Гадальщик на камешках - Мирча Элиаде Страница 5
Гадальщик на камешках - Мирча Элиаде читать онлайн бесплатно
Старикан будто не слышал. Гаврилеску повернулся к соседу, задумчиво глядевшему в окно:
— Там старые орехи, им не меньше пятидесяти. Потому так тенисто. В этакий зной приятно. Счастливые люди…
— Счастливые женщины, — поправил его сосед, не поворачивая головы. Там живут цыганки.
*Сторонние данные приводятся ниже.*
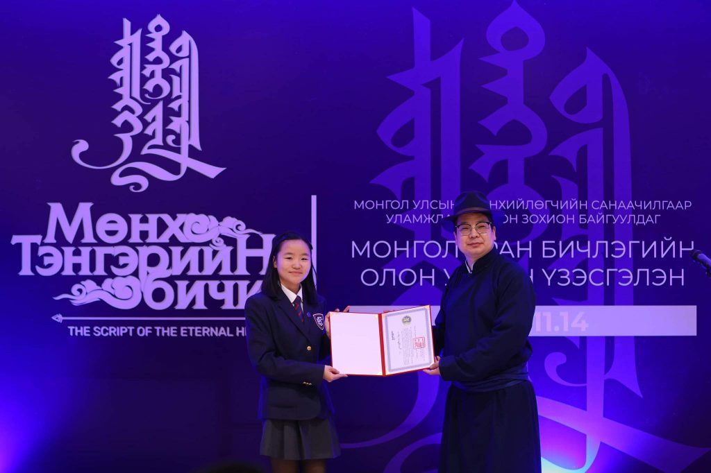 Монгол Улсын Ерөнхийлөгчийн Тамгын газрын дарга Я.Содбаатар, Боловсрол, шинжлэх ухааны сайд Л.Энх-Амгалан, Соёлын дэд сайд М.Батбаяр, Боловсролын ерөнхий газрын дарга Т.Ням-Очир нар шагналыг нь гардуулав.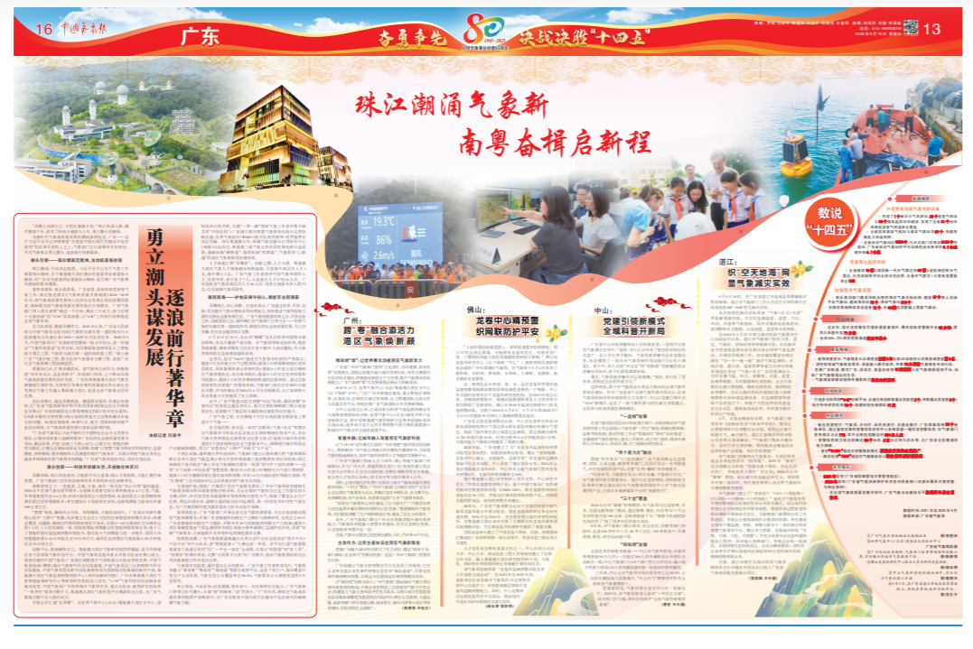 “弄潮儿向涛头立,手把红旗旗不湿。”珠江奔涌入海,潮声激荡千年,滋养了岭南大地敢为人先、勇立潮头的精神。当新时代气象高质量发展的潮流澎湃而至,广东——这片习近平总书记深情寄望“在推进中国式现代化建设中走在前列”的改革开放热土之上,气象部门正以奋楫争先的姿态,书写气象事业勇立潮头、逐浪前行的新篇章。珠江潮涌,方向决定航程。习近平总书记关于气象工作重要指示精神、关于粤港澳大湾区建设的重要讲话重要指示精神、对广东系列重要讲话重要指示精神,是引领广东气象乘风破浪的根本遵循。善弈者谋势,善治者谋局。广东省委、省政府高度重视气象工作,高位推进落实《气象高质量发展纲要(2022—2035 年)》,将气象高质量发展纳入经济社会发展全局同部署同推进,高标准完成气象高质量发展首批试点省建设。广东气象部门深入落实省委“锚定一个目标,激活三大动力,奋力实现十大新突破”的“1310”具体部署,以“638”工作指引统筹推进全省气象布局。合力似奔雷,激荡弄潮伟力。2021年以来,广东省人民政府与中国气象局全面完成《气象防灾减灾第一道防线先行示范省建设合作备忘录(2021—2025年)》各项任务。2025年5月,中国气象局与广东省政府签署新一轮合作协议,进一步锚定“气象科技强省”宏伟目标,共同擘画数值预报及人工智能技术强芯工程、气象防灾减灾第一道防线筑强工程、“海上新广东”气象护航工程、数字经济气象服务支撑工程、美丽广东生态气象保障工程战略蓝图。贯通如江河,汇聚弄潮洪流。省气象局主动作为,积极推进“市市有试点、县县有抓手”,形成部门协同、上下联动共推气象高质量发展的良好局面。广东发挥粤港澳大湾区气象发展辐射引领作用,支持和引导粤东粤西两翼地区和北部生态发展区气象工作融入粤港澳大湾区,促进全省气象事业协同发展。法治若磐石,锚定弄潮根基。潮涌需有堤岸,发展必有规矩。《广东省气候资源保护和开发利用条例》制定出台引领绿色发展;《广东省防御雷电灾害管理规定》修订筑牢安全堤坝;《河源市暴雨灾害预警与响应条例》等地方立法聚焦解决本地实际问题。24部法规规章、90部行业、地方、团体标准织就严密法治网络,为气象高质量发展行稳致远保驾护航。“广东省气象局以习近平新时代中国特色社会主义思想为指导,以服务国家重大战略和服务广东经济社会高质量发展为导向,激活改革、开放、创新三大核心动力,以数字化、智能化转型为路径,以健全法规标准体系为保障,构建‘以智慧气象为特征的科技领先、监测精密、预报精准、服务精细和人民满意的现代气象体系’,实现从传统气象业务向全链条多领域高价值气象服务的跨越。”广东省气象局党组书记、局长庄旭东说。弄潮深海,惟以科技铸剑,方能斩开风云迷雾;惟以开放扬帆,方能汇聚四海智慧。广东气象部门在科技创新和改革开放的深水区奋楫争先。南粤苍穹之下,一张地面、空基、天基、海洋一体化的“风云天网”越织越密。5500余个区域气象站星罗棋布,全省降水要素空间分辨率提高至4.7公里,气温、风等要素提升至6.6公里;形成S波段雷达大范围警戒、X波段雷达小范围精细探测的雷达协同观测体系;率先建成北斗导航探空系统;远海观测能力延伸至岸基300公里左右。“智算”奔流,解码风云天机。预报精准,方能驭浪而行。广东成功突破关键核心技术“卡脖子”难题,初步建立完全自主可控的区域数值预报模式体系;构建全覆盖、无缝隙、精细化四维网格预报技术体系,实现0—60天最高时空分辨率达到1小时、1公里的海陆一体、短临短期延伸期融合的智能网格预报业务;基于人工智能的强对流监测预警识别技术,强对流天气预警能力进一步提升,雷雨大风预警提前量从44分钟延长至70分钟左右,暴雨红色预警信号提前量从20分钟延长至30分钟左右。世界气象中心(北京)粤港澳大湾区分中心 广东省气象局供图创新平台,熔铸硬核实力。粤港澳大湾区气象研究院昂然崛起,成为华南地区首个国家级气象科创平台。中国气象局龙卷风重点开放实验室在佛山成立,省部共建的中国气象局/广东省区域数值天气预报重点实验室持续发展,中国气象局南海(博贺)海洋气象野外科学试验基地、中国气象局龙门云物理野外科学试验基地、中国气象局雷电野外试验基地等成为国家级试验基地的砥柱中流,粤港澳大湾区气象监测预警预报中心(深圳创新研究院)、广州市粤港澳大湾区气象智能装备研究中心等新型研发机构活力迸发。“1+N”气象科技协同创新体系基本成型,中国气象局广州热带海洋气象研究所、重点实验室、新型研发机构等“一核多柱”格局不断扩大,粤港澳大湾区气象科技平台集群效应凸显,为广东气象能力提升注入前沿动力。开放合作汇通“世界潮”。在世界气象中心(北京)粤港澳大湾区分中心,国际培训火热开班,共建“一带一路”国家气象工作者齐聚羊城共享“中国经验”;广东超大城市智慧气象服务经验从这里扬帆出海,世界气象组织(WMO)秘书长席列斯特·绍罗盛赞其突出贡献。深化粤港澳合作,珠澳气象创新与应用研究中心(珠海)应运而生,粤港澳三地气象业务协同发展机制日益成熟,基础设施“硬联通”、规则机制“软联通”、气象服务“心联通”的湾区气象新格局加速形成

— Вот-вот, и я слышал, — подхватил Гав-рилеску. — Я езжу этим трамваем три раза в неделю. И даю вам честное слово, не было случая, чтобы их не помянули, этих цыганок. Да видел ли их кто? Я все думаю: откуда они взялись-то?
— Это дело давнее, — сказал сосед.
— Уж двадцать один год, как они здесь, — перебил его другой пассажир. Когда я впервые приехал в Бухарест, эти цыганки уже здесь жили. Только сад тогда был много больше. Лицей еще не построили…
— Я ведь этим трамваем регулярно три раза в неделю езжу, — продолжал Гаврилеску. — К несчастью, я учитель музыки. Я говорю 'к не-счастью', потому что не создан для этого, — добавил он, силясь улыбнуться. — У меня артистическая натура.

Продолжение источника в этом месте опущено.